SEGUNDO.- Esta conducta bancaria lo que constata es que el banco demandado infringió las obligaciones a las que venía comprometido. Y es que no puede olvidarse que las obligaciones asumidas por la entidad de crédito frente al cuenta correntista son las propias de un gestor, en el específico campo señalado, con lo cual la figura contractual es encuadrable en el mandato, o comisión, con el consiguiente deber de diligencia, y de cumplir las órdenes del mandante o comitente (Sentencia del Tribunal Supremo de 15 julio 1988). En este caso es evidente que el banco prescindió de las órdenes que, de forma indirecta recibía de su cliente , variando el destino de los ingresos o retribuciones laborales y profesionales, manteniendo la entidad de crédito su anterior destino por razón de otro contrato diferente, un contrato de préstamo hipotecario en el que se había subrogado el actor y su esposa en agosto de 1994, y cuyos adeudos estaban domiciliados, precisamente, en la cuenta en la que el actor había dejado de ser titular por razón de su situación de crisis matrimonial, cuando éste contrato era de todo punto independiente de las obligaciones que el banco asumía para con su cliente cuando éste aperturaba una nueva cuenta, se daba de baja de la anterior , y vinculaba sus retribuciones a aquella, situación frente a la que el banco no podía reaccionar sino en el ámbito de las obligaciones propias del préstamo , que no comprendían, como resulta del documento nº 1 de la demanda (escritura de subrogación del préstamo), la percepción de retribuciones en la cuenta del adeudo de los pagos periódicos del préstamo sino el mantenimiento de saldo suficiente.
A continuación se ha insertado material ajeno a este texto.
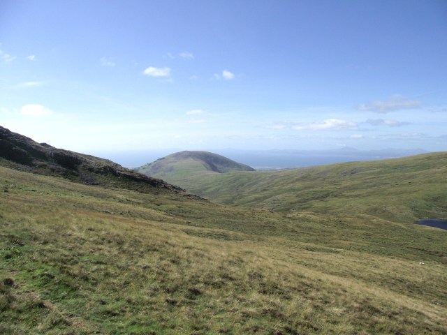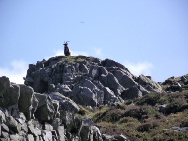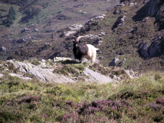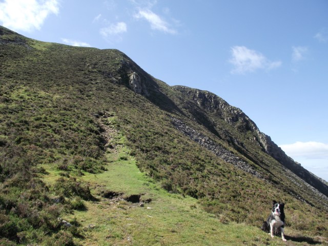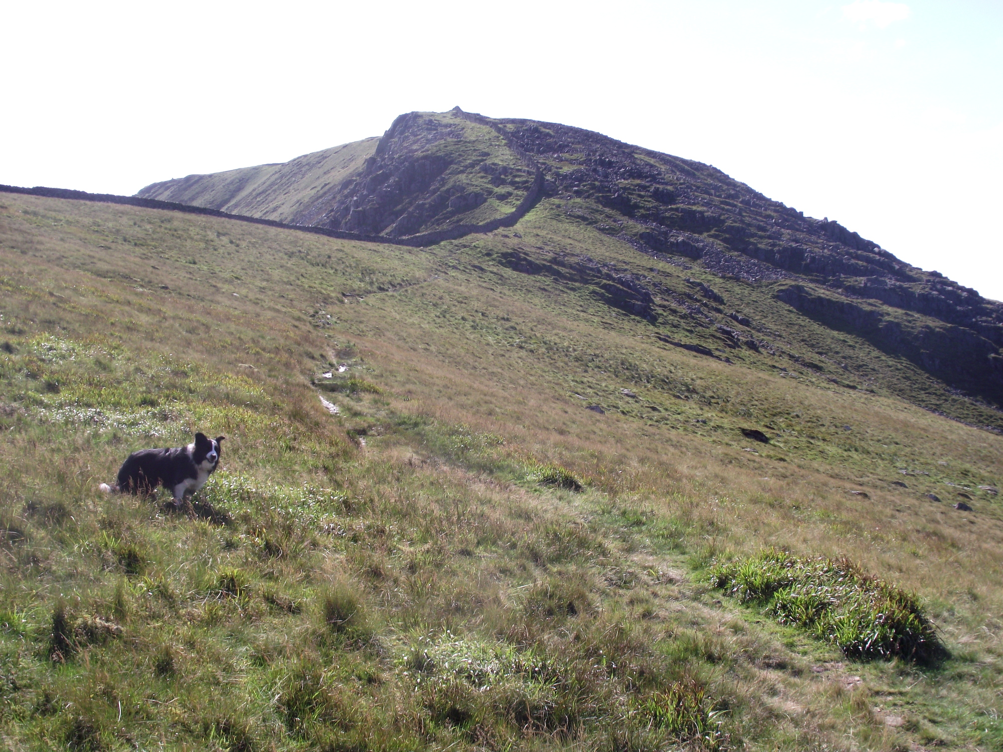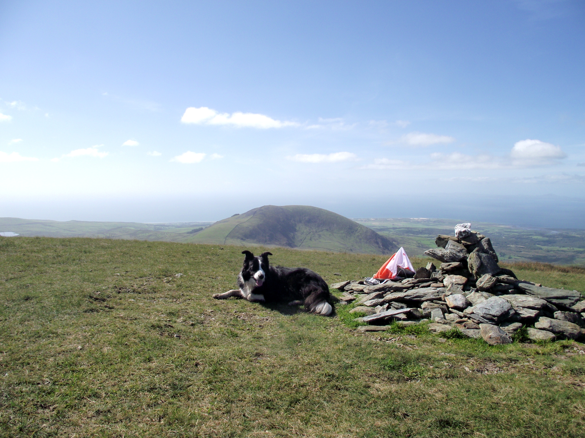 If the ascent had been steep and stony, then so was the descent to the col next to the small lake of Llyn Hywel. The height lost had now to be regained to the summit of Y Llethr, the highest peak in the Rhinog Mountains. From here there was a complete change of atmosphere with steep, rocky slopes replaced by rolling grassy ridges. Easy walking demolished the remaining distance, and apart from Border Collie ‘Mist’ and a couple of wild goats, the soaring grass ridge was all mine.

Y decimos que al banco no le quedaba sino ejercer en el caso de impago del préstamo o del incumplimiento de alguna otra de las obligaciones asumidas por el prestatario, las acciones correspondientes , porque hacer otra cosa no era sino ejercer una vía de hecho claramente proscrita en derecho. Y eso precisamente es lo que hizo el Banco al adoptar una decisión unilateral, sin duda en prevención del pago del préstamo, desviando el destino de las retribuciones hacia una cuenta distinta a la ordenada por el propietario, faltando con ello a lo que eran las que le vinculaban por relación contractual distinta al tiempo que sobre dimensionaba una obligación de otro contrato, el de préstamo , más allá de sus término, sin además causa bastante para ello.
Hay que insistir que, con independencia de que el préstamo hipotecario estuviera vinculado a una u otra cuenta, la decisión de desvincular de la misma la directa percepción de las retribuciones caía sin duda alguna, en el ámbito de la autonomía de la voluntad del actor ya que disponía libremente de su dinero, que era de su exclusiva propiedad , dándose el caso que en el supuesto que nos ocupa, el banco faltó, como hemos dicho, doblemente a sus obligaciones y entendió mal sus Derechos.
El argumento de que el actor podía y de hecho dispuso de esa cuenta a pesar de su falta de titularidad , además de ser un hecho no contrastado, en absoluto legitima a la entidad bancaria a quebrar las obligaciones que hemos indicado, y a las que se compromete y compromete a su clientela. Obsérvense que los criterios contractuales de la entidad en materia de cuentas indistintas y de compensación, y que aparecen redactadas en la libreta aportada como documento nº 1 de la demanda, siempre están vinculados a la titularidad.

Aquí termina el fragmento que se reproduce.